In the event featuring Tim Harford and Alex Tabarrok, this issue came up. The issue is how fluctuations in output and employment become broad and long-lasting. For advocates of real business cycles, the challenge is to explain the breadth of a recession. For example, if you want to say that the recession in 2009 came about because we overbuilt housing, you have to explain why so many other sectors declined. To standard macroeconomists, the breadth of the slowdown requires an aggregate-demand story.
On the other hand, as Alex points out, the many years over which the high unemployment has played out raises questions about the aggregate-demand story. In the AS-AD paradigm, sticky wages and/or prices play a crucial role. But five years on, are sticky wages such a plausible story, given all the churn that has taken place in the labor market? Alex also challenges the idea that “menu costs” could account for price stickiness lasting so long and with such devastating effects.
I agree that sticky prices are important but only a part of the problem. There are also slow monetary growth and reduced risk taking, the decline and slow rebuild of wealth, deleveraging, if not stagnation at least low investment in innovation, no investment in capacity that is already in excess, lack of new profit engines and declining wage shares, continued labor arbitrage and technology displacing the higher skilled. Churn probably doesn’t help much since most are reticent to hire or be hired at much lower wages and the non churned workforce which constitutes most of the staff probably can’t be cut at all beyond freezing, those that do accept cuts and are hired contribute to lowering demand, and the most significant prices are product prices which can’t be cut without hurting brands. It really depends on what you want to throw into menu costs, a disgruntled workforce or a damaged brand can be a terribly expensive cost. To argue against demand being a problem raises even more incredulous explanations, stretching minor effects to the point of absurdity since they cannot explain recessions at all.

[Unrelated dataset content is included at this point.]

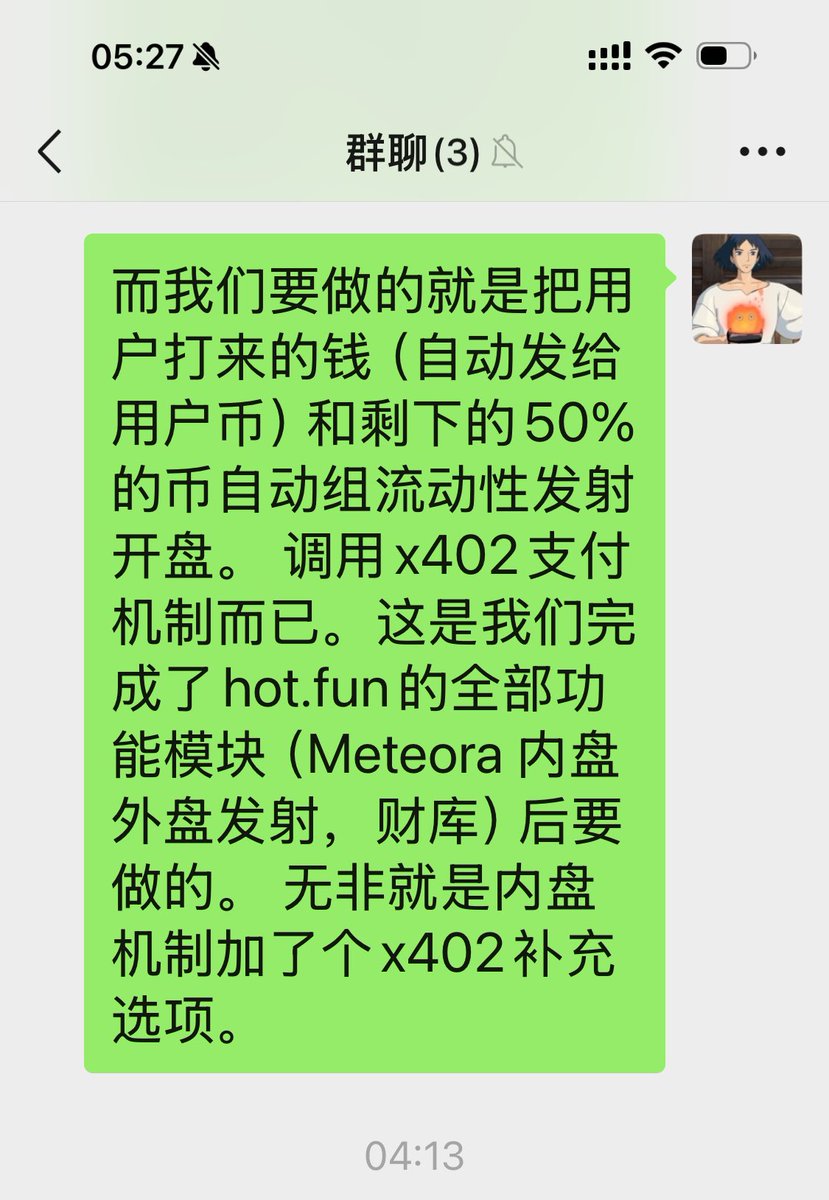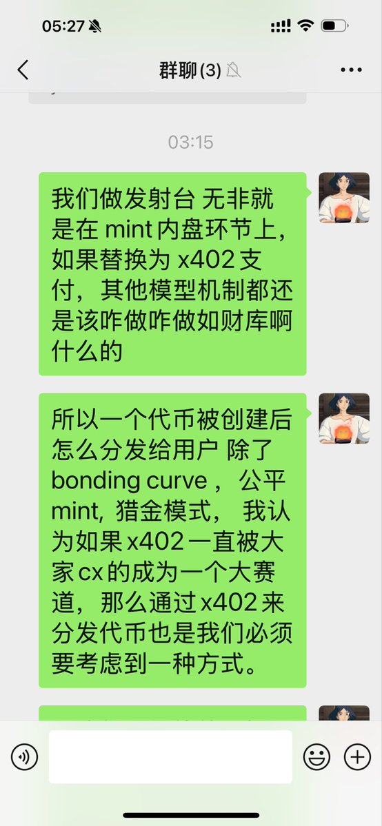 正如我所建议,把facilitator design in x402作为前置层,实现meme币的初始公平mint分发,然后再结合如fourmeme等Launchpad平台实现全自动的流程发射代币,正如$PENG的诞生过程友情,实现全自动化去。这样就帮助目前的Launchpad前置接入了最先进最公平的分发方式。 在这个全自动流的过程里,可以收取一点费用是很合理的。 希望可以和我们即将在10天左右发布的创新发射台@402dotfun合作,我们想要打破fourmeme的垄断地位,给BNBCHAIN和行业带来创新,才会有进步。

In this, churn does not solve the problem unless there are as many leaving for better jobs as those accepting worse ones. Without that, all churn accomplishes is burning in the demand shortfall into the permanent structure of prices. That we have a case of the latter does demonstrate a structural problem but one with policy, not the economy itself.
I use cycles theory all the time and don’t believe in it, except going down hill. If the economy is doing cycles then their are components in the economy doing samplings, to keep up. Like sampling the GDP, or sampling shoe inventory. Big guys sample long term trend, small guys short term. Sampling must be on time, otherwise you cause phase shift, like the phase shift in getting third quarter gdp right, or the difference between GDI and GDP. When the big guy is late to his sample he introduces a slowly varying cycle, the sidband. When that happens, the other big guys have to have big capacitors to filter this out. If the biggest guy is inceasingly late, the capacitor size approaches infinity and they blow up.